Сладкий запах проклятия - Светлана Шавлюк 6 стр.


Тихий шепот Ядвиги Петровны наполнил темный кабинет.

Лунная дорога, что под ноги стелется,

Душе путь осветит, если сердце мается

От тревог, от забот за кровь родную, мирами разделенную.

Встреча желанная надеждой полнится,

Теплотой наполнит и душу, что пустует.

Кровь родная на зов откликнется,

Закружит, завьюжит, да на встречу ринется,

Разговор недолгий, да слова нужные

На язык лягут, в сердцах успокоением отзовутся.

Снова и снова она речитативом повторяла заговор. Тихо и уверенно. И сердце мое на ее слова отзывалось. Стук его с каждым словом был сильнее и громче. Нарастал, усиливался так, что вскоре я и вовсе перестала слышать голос ведьмы. Только грохот, который заполнил все. А потом все затихло. Сердце словно остановилось, а я внезапно почувствовала свободу. Такую, какую, наверное, при свободном падении ощущают. От страха глаза распахнула. И кабинета вокруг уже не было. Лишь знакомая тропа. Ликование затопило. Получилось! Все получилось! Дернулась вперед, но ни шагу сделать не смогла. Беспомощно потянулась рукой вперед и чуть было не закричала.

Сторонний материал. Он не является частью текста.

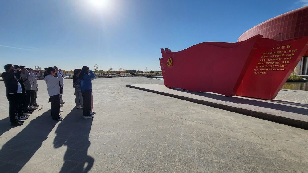 缅怀革命烈士,深化爱国主义教育。19日下午,党员教师们整齐列队,怀着崇敬的心情走进了第三师图木舒克市红色爱国教育基地—唐王城千年屯垦文化体验中心。基地内陈列着丰富的历史文物和详实的历史资料,生动地展示了中国共产党领导人民进行革命斗争的光辉历程。在讲解员的引导下,教师们认真聆听每一段历史故事,仔细观看每一件展品,深刻感受到了革命先烈的英勇无畏和坚定信念。参观过程中,党员教师们不时驻足交流,分享自己的感悟和体会。他们纷纷表示,通过这次参观学习,更加深刻地理解了中国共产党为民族独立和人民幸福所作出的巨大牺牲和贡献,也更加坚定了为党的教育事业奋斗终身的决心。
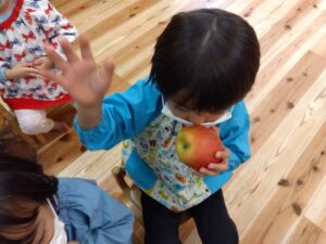 まずは、今回使う果物の皮を剥いてみたり、断面をみたりしました。りんごは大山先生がなが〜く皮を剥いてくださりみんな、「ヘビみたい!」「すごい〜!」と大歓声。
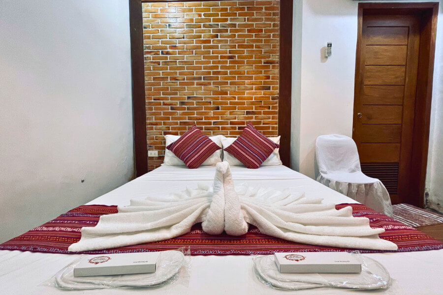 Room with 1 Queen Bed.Room size 18 sqmGood for 2 adults and 1 kid below 5 years old.1 Extra pax ONLY Php 500 (Single sized mattress)2nd FloorAir-conditioned room.Private bathroom.Hot and cold shower.Bath Towels.Basic Toiletries: Shampoo, body soap....

Рука была прозрачная. Я бестелесным духом висела на середине тропы. Словно сама из того самого лунного света соткана была. Страх затопил, сердце отбивало бы дробь, наверняка, если бы было со мной.

— Мам, — беззвучно позвала, с трудом совладав с паникой. Попыталась закричать, но бесполезно.

Что там говорила ведьма? Душой звать? Сердце слушать? А как же его слушать, если и сердца-то не чувствуешь? Отчаяние чуть было не взяло верх, но я отмела его. Пока стою здесь, пока есть шанс встретиться с мамой, буду до исступления продолжать звать. Пусть и молча, беззвучно, но всей душой желая этой встречи. И я звала. Раз за разом отправляла зов в пустоту, думала о маме и звала, звала, звала… Пока по тропе не поплыл уже знакомый туман, который в прошлый раз бабушкиным голосом шептал «прости».

Туман заклубился, пополз вверх, словно на расстоянии пары шагов от меня возникла невидимая стена. А я, затаив дыхание, следила за происходящим. Секунды длились тягуче медленно. Туман лениво переваливался, клубился, словно нехотя наползал на незримую преграду, а потом в одно мгновение схлынул. Резко опал, сорвался вниз, как воды бурной реки срываются со скал водопадами. Там, на месте, где еще секунду назад властвовало серое марево, стояла мама. Живая, немного бледная, с запавшими от беспокойства и усталости глазами. Они сверкали даже в царившем полумраке, словно на их дне таились непролитые слезы. Мама вздрогнула, огляделась, нахмурилась, слегка сморщив нос и сузив глаза. Так привычно. Такая обычная ее реакция на что-то странное, непонятное, необычное. Эта реакция отозвалась в душе радостным волнением, ликованием и тоской. Беспокойством и сомнениями, которые острыми пиками раздирали душу.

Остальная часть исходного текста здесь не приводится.